Reproduce only this stretch of the listing below: from the line with "Visitors view high-resolution" through the line with "With core management", exactly as written, with pictures excluded.

● **Exercise material**
****************
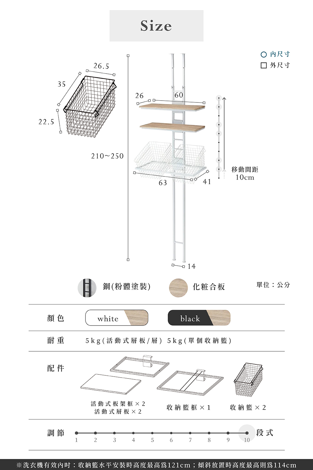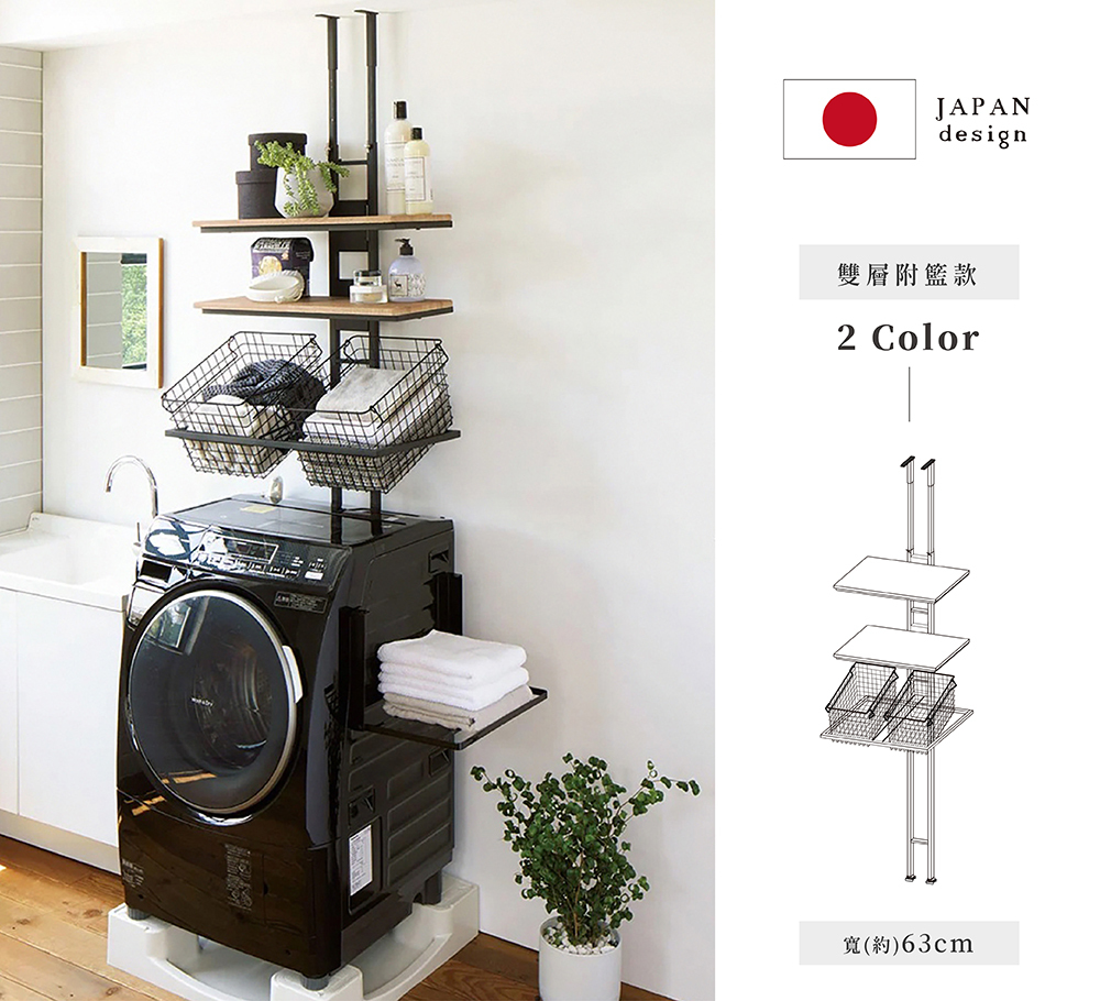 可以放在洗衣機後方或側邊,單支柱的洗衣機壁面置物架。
****************
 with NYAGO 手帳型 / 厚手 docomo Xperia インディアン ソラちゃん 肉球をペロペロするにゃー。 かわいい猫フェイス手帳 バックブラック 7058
****************
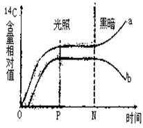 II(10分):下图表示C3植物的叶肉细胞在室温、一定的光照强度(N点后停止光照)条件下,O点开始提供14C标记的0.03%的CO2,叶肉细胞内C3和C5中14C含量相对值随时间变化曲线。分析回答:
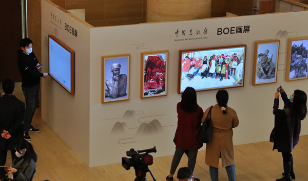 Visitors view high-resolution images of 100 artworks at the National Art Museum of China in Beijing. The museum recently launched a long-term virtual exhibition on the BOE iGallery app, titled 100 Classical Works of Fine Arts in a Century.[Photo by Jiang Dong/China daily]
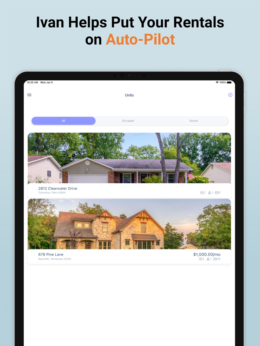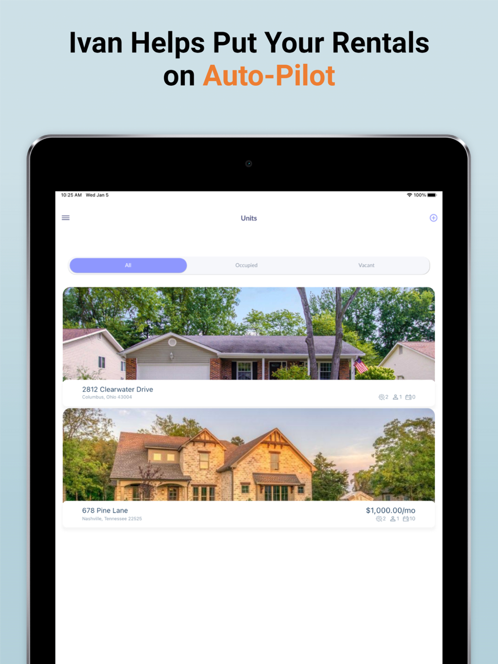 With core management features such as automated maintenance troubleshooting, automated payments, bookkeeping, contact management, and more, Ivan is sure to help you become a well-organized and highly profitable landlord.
****************
● **Response box**
 Visitors view high-resolution images of 100 artworks at the National Art Museum of China in Beijing. The museum recently launched a long-term virtual exhibition on the BOE iGallery app, titled 100 Classical Works of Fine Arts in a Century.[Photo by Jiang Dong/China daily]
 With core management features such as automated maintenance troubleshooting, automated payments, bookkeeping, contact management, and more, Ivan is sure to help you become a well-organized and highly profitable landlord.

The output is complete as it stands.